══ Data block ══

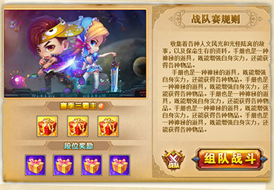 搭配战队系统推出的一种全新的竞技匹配模式战队赛第一赛季正式来袭。这是一个更能体现战队凝聚力的比赛模式,这是一个更能展示战队个人实力的比赛模式,这是一个采用天梯排位匹配机制的比赛模式。谁才是真正的大神,哪只战队才是最强战队,只有在真正的战场上征战过才会见分晓。
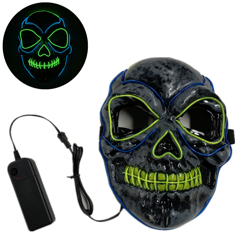This mask made of PVC, with LED light, funny skull shape, interesting and scary for Halloween party. Can print logo on the battery box.
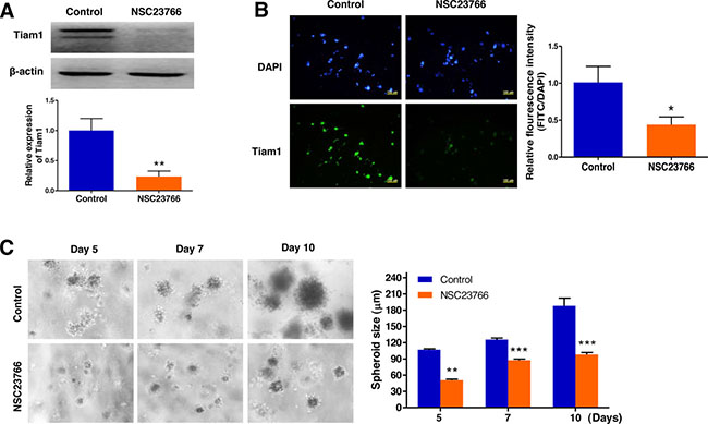 Figure 7: Repression of Tiam1 expression prevents cell growth in 3D lymphoma spheroids. (A) Western blot and (B) immunofluorescence microscopy demonstrates the strong inhibition of Tiam1 expression by NSC23766 in 3D spheroids. (C) Phase contrast microscopy demonstrates a marked reduction in the size of EL4 cell spheroids by inhibition of endogenous Tiam1. Data represent the means ± SD of three independent experiments. *P < 0.05, **P < 0.01, and ***P < 0.001 versus the control.

═══

What this task involves: Pictures stay out; reproduce exactly the lines from the one containing "This mask made" through the end of the data.

Answer space:
This mask made of PVC, with LED light, funny skull shape, interesting and scary for Halloween party. Can print logo on the battery box.
 Figure 7: Repression of Tiam1 expression prevents cell growth in 3D lymphoma spheroids. (A) Western blot and (B) immunofluorescence microscopy demonstrates the strong inhibition of Tiam1 expression by NSC23766 in 3D spheroids. (C) Phase contrast microscopy demonstrates a marked reduction in the size of EL4 cell spheroids by inhibition of endogenous Tiam1. Data represent the means ± SD of three independent experiments. *P < 0.05, **P < 0.01, and ***P < 0.001 versus the control.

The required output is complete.